Avez-vous déjà remarqué ces vilaines cloques ou taches de rouille qui apparaissent sur votre bateau ? Il s'agit de corrosion, et c'est le pire cauchemar de tout plaisancier. Imaginez votre bateau comme une maison flottante : vous ne laisseriez pas la rouille détruire votre habitation, n'est-ce pas ? Il en va de même pour votre fidèle embarcation. La corrosion est comme un monstre marin sournois, qui cherche constamment à affaiblir les défenses de votre bateau. Dans ce guide complet, nous vous fournirons l'arsenal ultime pour combattre la corrosion, en nous concentrant spécifiquement sur un élément essentiel de votre confort à bord : le chauffe-eau. Nous explorerons en détail les mécanismes de ce processus destructeur, nous dévoilerons les stratégies de prévention les plus efficaces, et nous vous donnerons des solutions étape par étape pour traiter la corrosion existante, avec un regard particulier sur les défis que pose le chauffe-eau en milieu marin.
Le Chauffe-Eau de Voilier : Quand le Confort Devient un Défi Technique
Vivant avec mon épouse à bord depuis 4 ans, le chauffe-eau du bateau a beaucoup servi. Il ne pose toujours aucun problème, que ce soit sur la résistance électrique ou le serpentin moteur. Pourtant, la question de l'entretien préventif se pose régulièrement pour de nombreux plaisanciers. Le confort d'avoir de l'eau chaude à bord pour la vaisselle ou pour prendre une douche est un véritable atout. Mais avant de penser à laver, il faut chauffer l'eau, et les systèmes de chauffe-eau, malgré leur robustesse apparente, peuvent rencontrer des défaillances spécifiques nécessitant une attention particulière.
Diagnostiquer une Panne Fréquente : Le Chauffe-Eau qui Fait Disjoncter
Une situation malheureusement courante est celle où, sitôt branché électriquement à la borne de quai, le bateau fait disjoncter soit la borne elle-même, soit parfois un des disjoncteurs de bord. Une fois le chauffe-eau débranché, le 220 V passe, ce qui permet de confirmer l'origine du problème. Le mal vient alors du chauffe-eau. Dans un chauffe-eau, il y a un thermostat et une résistance. Généralement, c'est la résistance qui est à l'origine du problème.

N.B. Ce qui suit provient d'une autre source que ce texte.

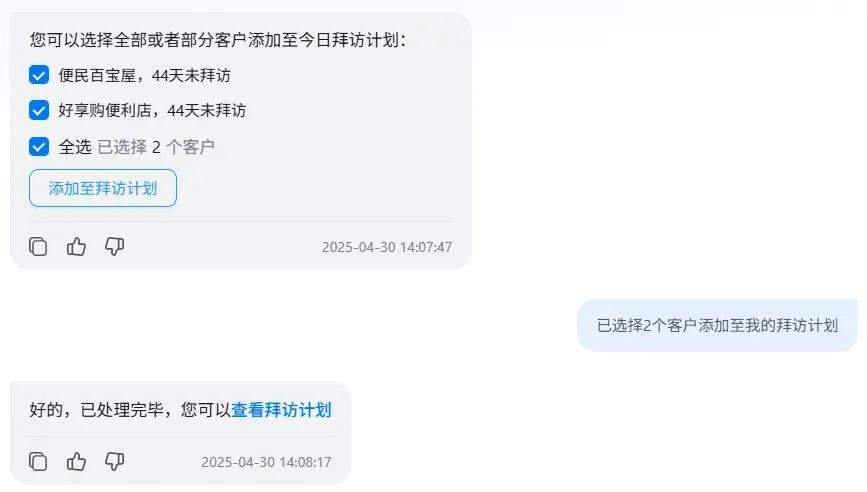 现在,老王打开手机,AI秒级安排好“拜访计划”:
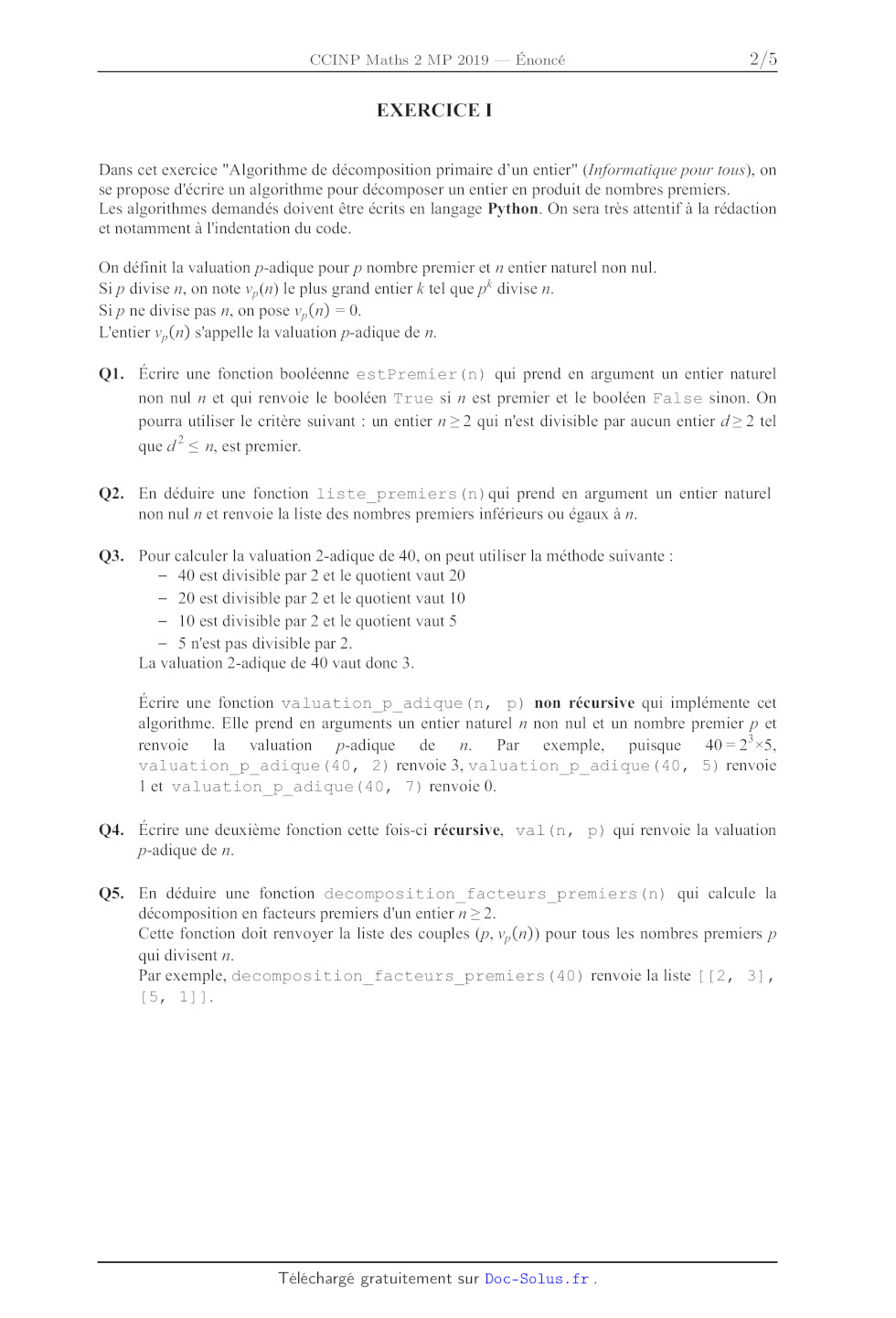 que d" < n, est premier. En déduire une fonction liste premiers (n)qui prend en argument un entier naturel non nul # et renvoie la liste des nombres premiers inférieurs ou égaux à n. Pour calculer la valuation 2-adique de 40, on peut utiliser la méthode suivante : -- 40 est divisible par 2 et le quotient vaut 20 -- 20 est divisible par 2 et le quotient vaut 10 -- 10 est divisible par 2 et le quotient vaut 5 -- 5 n'est pas divisible par 2. La valuation 2-adique de 40 vaut donc 3. Écrire une fonction valuation p adique(n, p) non récursive qui implémente cet algorithme. Elle prend en arguments un entier naturel 7 non nul et un nombre premier p et renvoie la valuation p-adique de n. Par exemple, puisque 40-- 2°x5, valuation p adique(40, 2) renvoie 3,valuation p adique(40, 5) renvoie let valuation p adique(40, 7) renvoie 0. Ecrire une deuxième fonction cette fois-c1 récursive, val(n, p) qui renvoie la valuation p-adique de n. En déduire une fonction decomposition facteurs premiers(n) qui calcule la décomposition en facteurs premiers d'un entier n > 2.
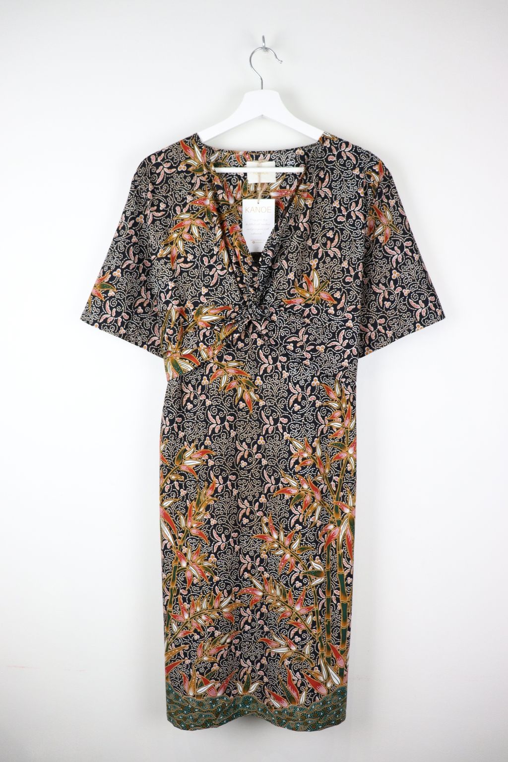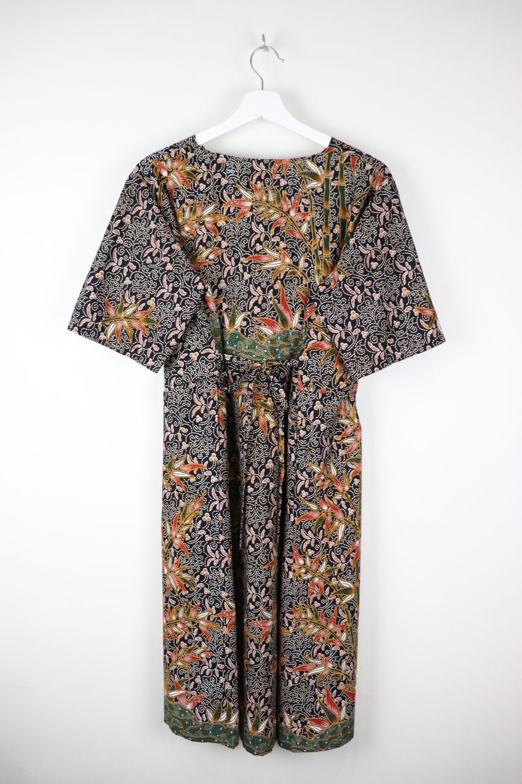 Has pockets at the sides and a tie to niche in at the waist accentuating the feminine shape.
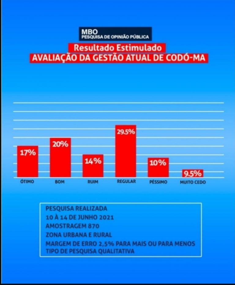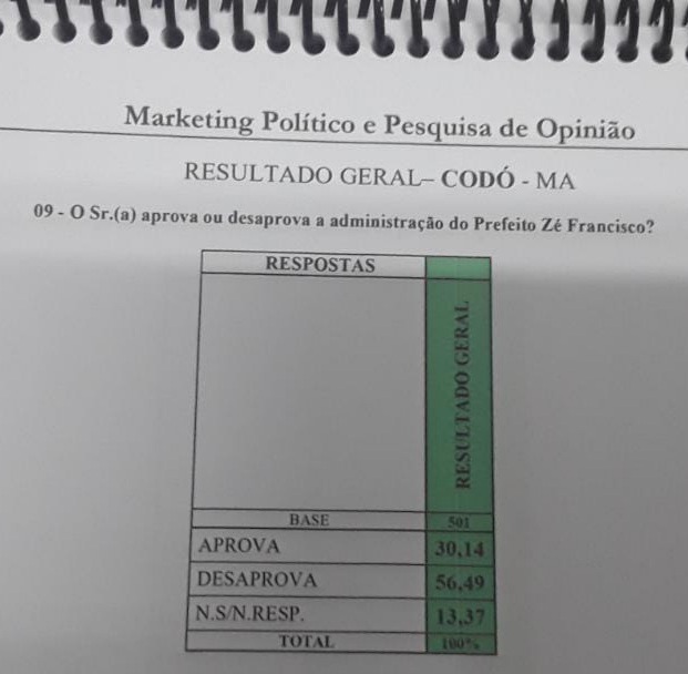 A empresa intitulada BRASIL MARKETING & OPINIÃO, de Marketing Político e Pesquisa de Opinião, realizou entre os dias 31 de julho a 02 de agosto de 2021 pesquisa de opinião sobre política, audiência dos meios de comunicação de Codó e sobre o que acham os codoenses dos primeiros 7 meses de governo do médico Dr. Zé Francisco.
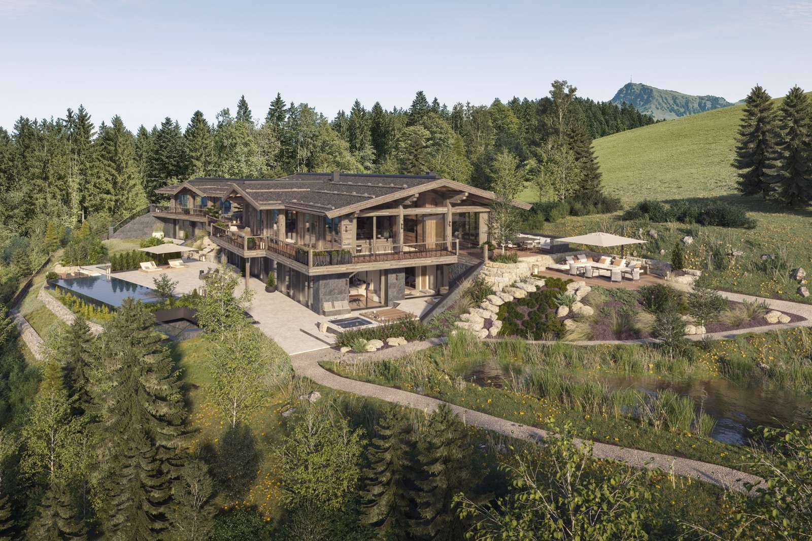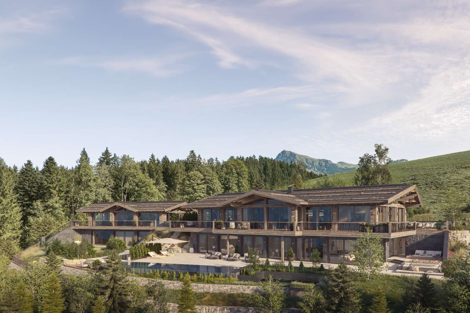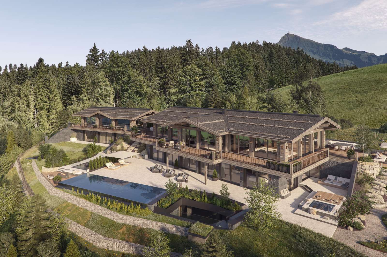 Das Anwesen steht am Ende einer privaten Zufahrtsstraße und ist derzeit im Bau befindlich. Unübertroffen in Exklusivität und Größe, einer architektonischen Symbiose aus Tradition und Moderne, der Qualität der Materialien und der Liebe zum Detail in der Ausstattung, wird das Anwesen seinen zukünftigen Besitzern ein einzigartiges Wohnerlebnis in den Bergen bieten. Geschützt durch einen kleinen Wald im Norden ist es von morgens bis abends sonnendurchflutet.
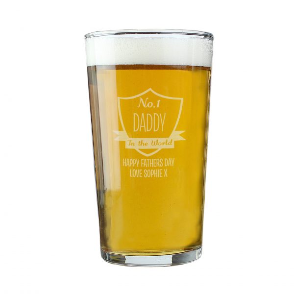 Personalise this No.1 Shield Pint glass with a name/role up to 7 characters, and 2 lines of 20 characters for a message at the bottom. All text will be fixed UPPERCASE.’No1′ and ‘in the world’ is fixed textGreat for Fathers Day, Birthdays.
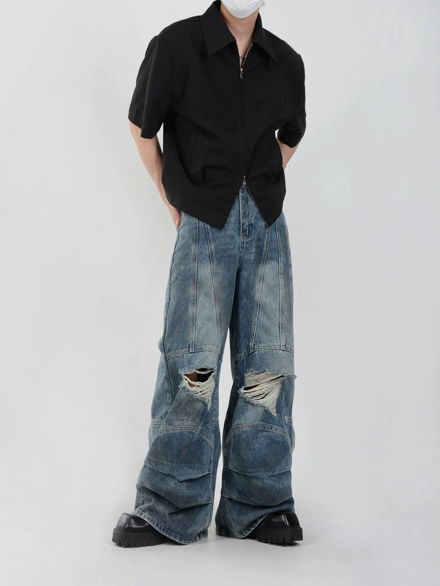 Crafted from a premium blend of 62% cotton and 38% polyester, this shirt offers a perfect balance of comfort and durability. The half-sleeve design, coupled with a sleek zip front and sharp collar, brings a refined edge to casual attire. At the heart of its design lies the craftsmanship balanced with a loose fit and short length, ensuring both freedom of movement and a nonchalant elegance.

Deux cas principaux peuvent expliquer ce dysfonctionnement :
- La résistance est percée : Le tube blindé qui constitue la résistance est percé. L'eau rentre alors à l'intérieur de la résistance, créant un courant de fuite qui déclenche le différentiel. Dans cette situation, le thermoplongeur est malheureusement mort et il faut le changer.
- La reprise d'humidité : Il peut y avoir eu une reprise d'humidité, ce qui se passe généralement après une longue période sans avoir chauffé. Par la connexion électrique, une quantité infinitésimale d'humidité est rentrée et fait déclencher le différentiel. Il est parfois possible de résoudre ce problème en démontant la résistance et en la faisant chauffer pendant 12 heures dans un four à 170 degrés. Une autre méthode, bien que non recommandée et potentiellement dangereuse, consiste à débrancher la terre et à faire fonctionner le thermoplongeur pendant quelques heures. Sans prise de terre, le différentiel ne va pas déclencher, permettant de chasser l'humidité. Cependant, il est impératif de ne jamais oublier de rebrancher la terre du chauffe-eau après cette opération. Soyons rassurés, il convient de procéder au changement de la pièce sans prendre de risque. Il est vital de ne pas faire fonctionner sans terre car si une perte de courant se produit, elle sortira forcément du bateau en abîmant quelque chose. En plus des risques d'endommagement pour le bateau, c'est très dangereux et vous risquez d'électrocuter un équipier, ce qui, avec du 220 volts, peut être fatal.
Pour nos amis qui maîtrisent moins l'électricité, il est possible de voir si le disjoncteur a ouvert sur un problème de différentiel ou de surintensité dû à un court-circuit à la position du levier de commande, fournissant ainsi une première piste de diagnostic.
Lire aussi: Piscine Chauffée Écologiquement
Le Dilemme du Détartrage et la Longévité du Chauffe-Eau
La question de l'entretien préventif d'un chauffe-eau de voilier est souvent débattue. Certains témoignages soulignent une longévité remarquable : "Le mien fonctionne depuis presque 30 ans, sans broncher. Les précédents propriétaires l'ont beaucoup utilisé, et nous même pendant 8 ou 9 ans en vie permanente à bord." D'autres préfèrent une approche plus proactive.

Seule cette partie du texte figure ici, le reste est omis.